Limitations & Future Work¶
- ECSO relies on the safety capability of the underlying LLM itself; if the LLM has inherent safety flaws, ECSO will also fail.
- Information loss is inevitable during the image-to-text conversion process, which may affect response quality for queries heavily dependent on visual details.
- Multi-turn inference (generation \(\rightarrow\) safety evaluation \(\rightarrow\) conversion \(\rightarrow\) final generation) increases inference latency.
- Using multimodality to shift from a "safety challenge" to a "safety advantage" (by leveraging rich multimodal context to build stronger safety mechanisms) remains unexplored.
- Advanced I2T methods (such as \(V^*\) guided visual search) can be explored to improve information preservation.
Related Work & Insights¶
- vs MLLM-Protector [Pi et al.]: MLLM-Protector requires training additional detectors and detoxicators, while ECSO is completely training-free and leverages the model's own capacity.
- vs Self-Moderation [Chen et al.]: Pure instruction-based self-moderation still fails when images are present, whereas ECSO fundamentally resolves this by removing images.
- vs Safety Steering Vectors [Wang et al.]: Steering vectors focus primarily on textual unsafe intent, potentially overlooking malicious content inside images.
- vs VLGuard [Zong et al.]: VLGuard aligns through SFT requiring annotated data, whereas ECSO can automatically generate equivalent or even superior alignment data.
Rating¶
- Novelty: ⭐⭐⭐⭐ Observing the discrepancy between discrimination and generation capabilities and utilizing modality conversion to recover safety mechanisms is a clever idea, although the technical implementation is relatively straightforward.
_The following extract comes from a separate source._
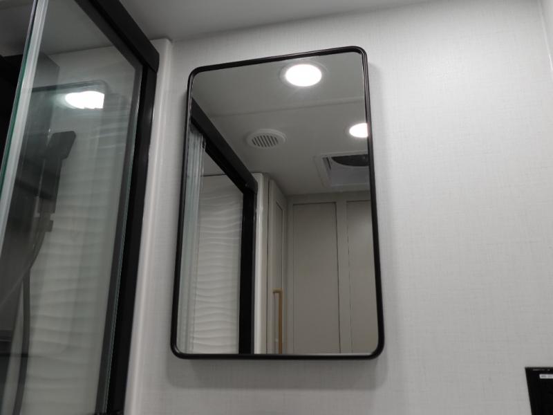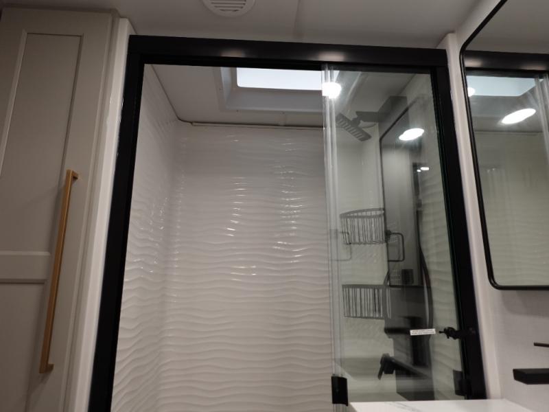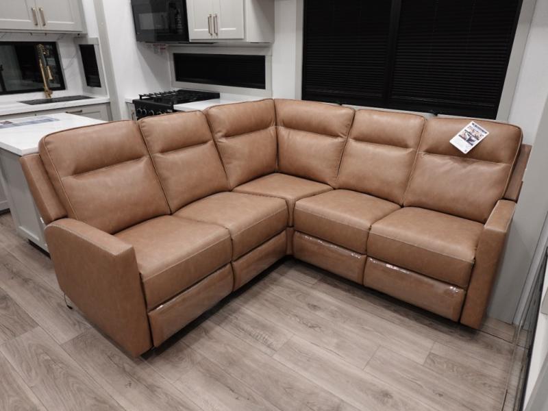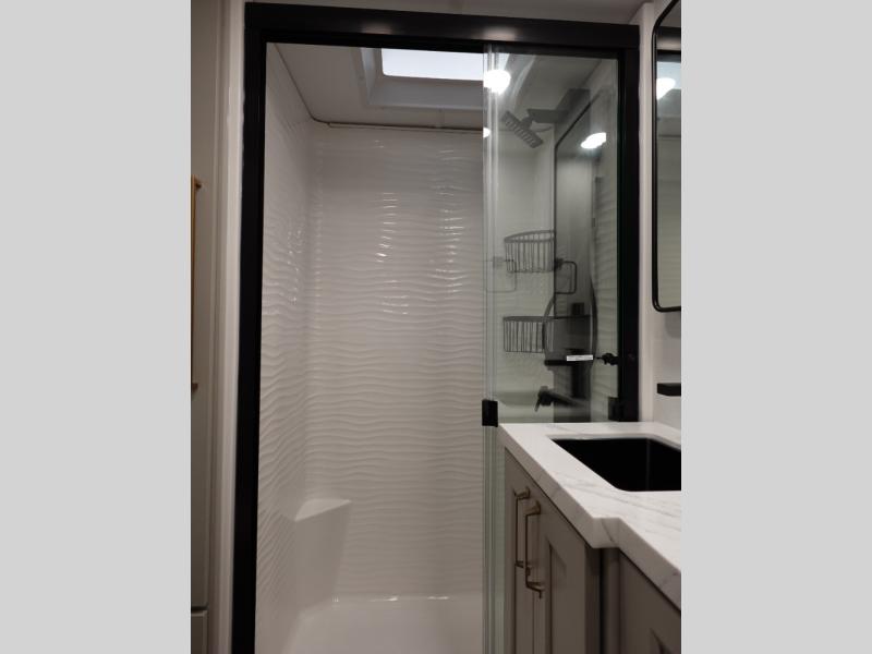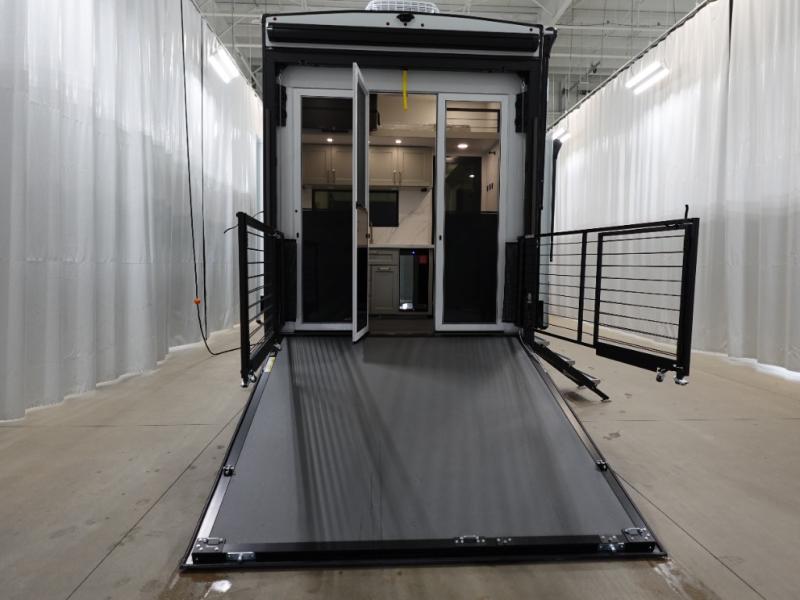 With any Model G toy hauler fifth wheel by Brinkley you will enjoy luxurious amenities, tons of storage space, and innovative features that have been developed and tested in the real world. Durable construction includes an industry leading PDI process, an industry best insulation package, and reinforced and walkable slide roofs. Some of the exterior features you'll find are a 3-way pass-through with a multi-functional flip-up bulkhead wall, under I-beam storage, a MAX-Vision reverse lighting system, and a low-maintenance roof to name a few. A Rockford Fosgate audio system comes standard, along with a Full app-based coach control system (iOS & Android) that lets you control your fifth wheel's functions right from your mobile device. You will find the solar system with a designated storage area to be ultra convenient, plus there is a FlexPower 5500 with a dual fuel inverter generator for all your power needs. Head inside to find a residential interior with Brinkley's CraftSense wood trim construction, floating entrance steps, integrated window screens and insulated blackout blinds, and residential solid surface countertops plus backsplash. You will also enjoy the neon shower lighting and recessed medicine cabinets in the bath, plus motion activated LED bed lights and dual bedside outlets in the bedroom. Choose a Model G toy hauler fifth wheel to experience all the luxury it has to offer!
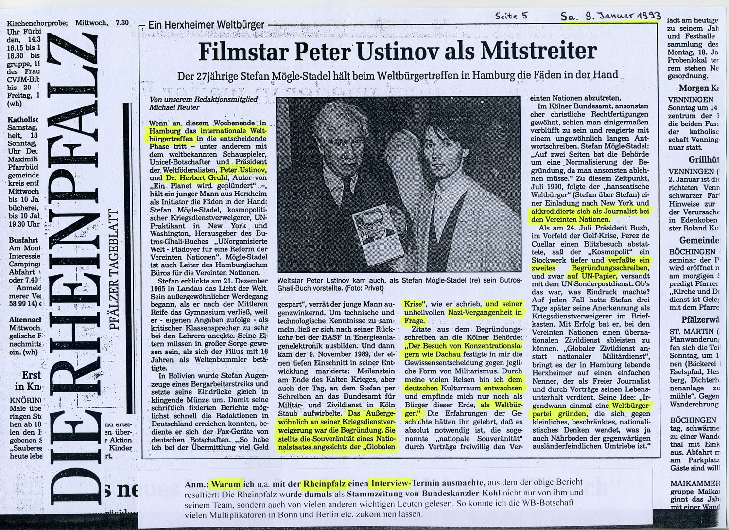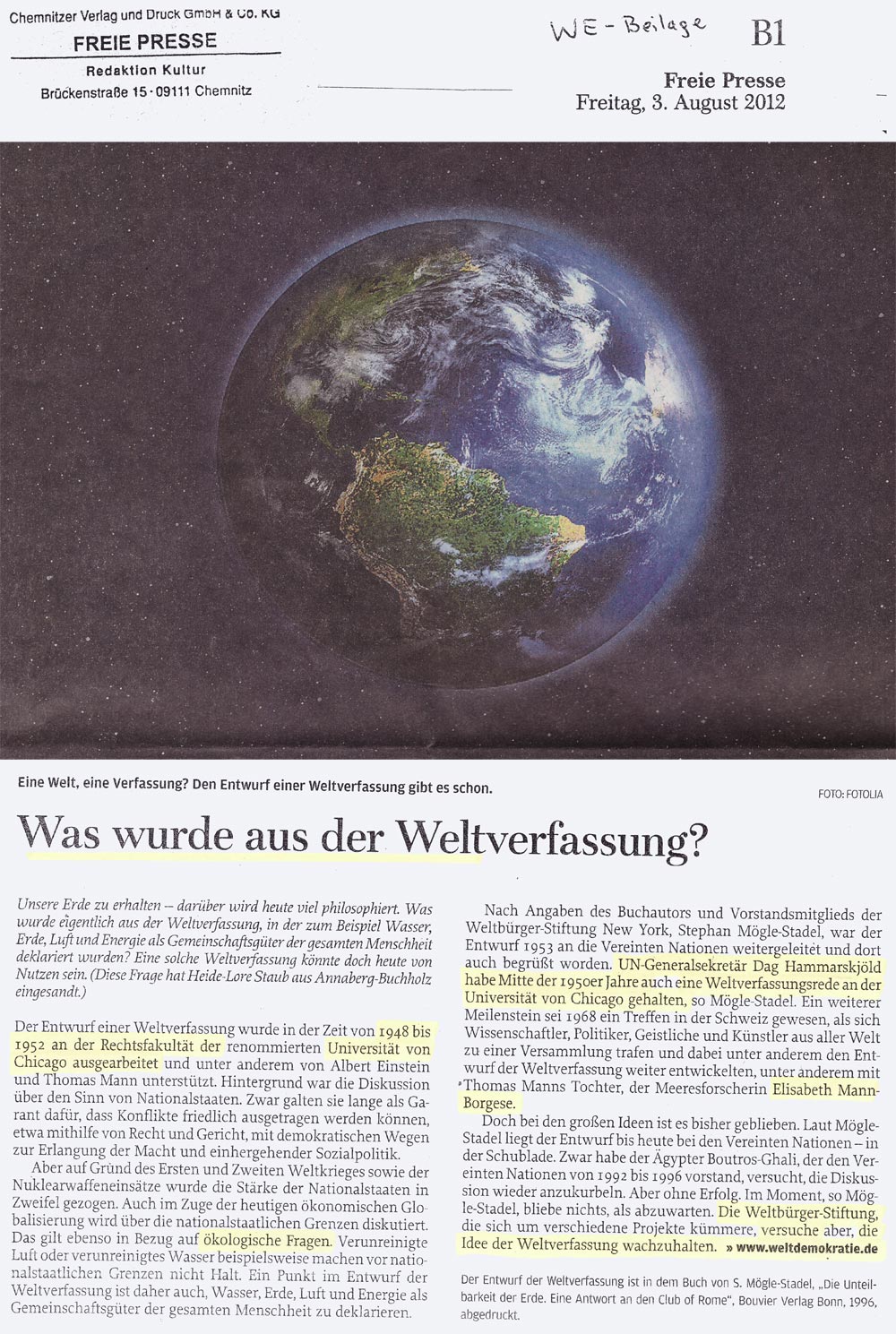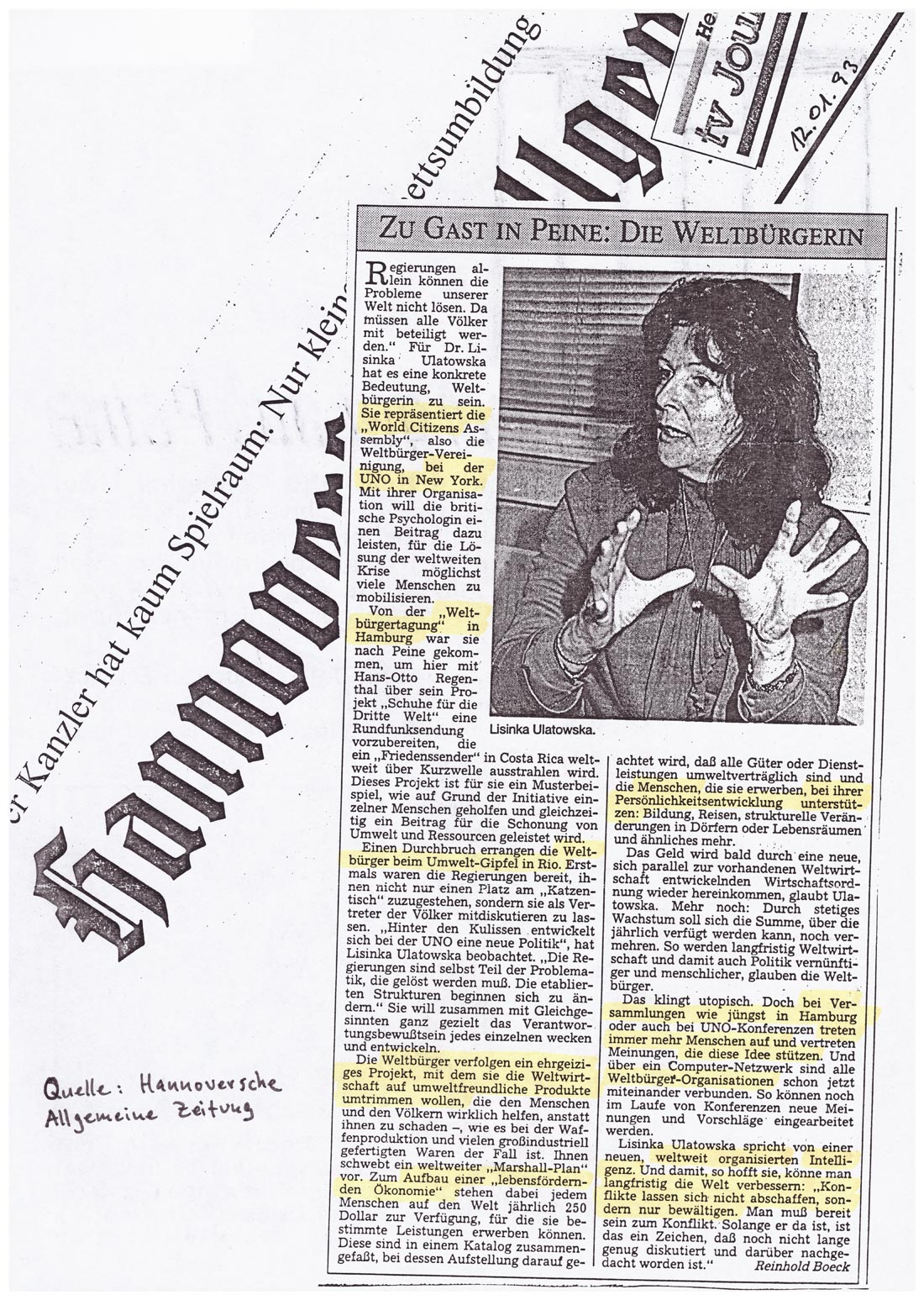 Rechts: Verschiedene Presseberichte über das Internationale Weltbürgertreffen aus WELT am Sonntag, Hamburger Morgenpost u.a. |  |  |

- Experimental Thoroughness: ⭐⭐⭐⭐⭐ 5 MLLMs, 3 safety benchmarks, 3 utility benchmarks, and detailed ablation studies make the experiments exceptionally thorough.
- Writing Quality: ⭐⭐⭐⭐⭐ The logical chain is highly clear: observation \(\rightarrow\) insight \(\rightarrow\) method \(\rightarrow\) evaluation, with elegant and easy-to-understand diagrams.
- Value: ⭐⭐⭐⭐ Practical value is high as a training-free, plug-and-play solution, although it fundamentally "bypasses the problem" rather than "solving it".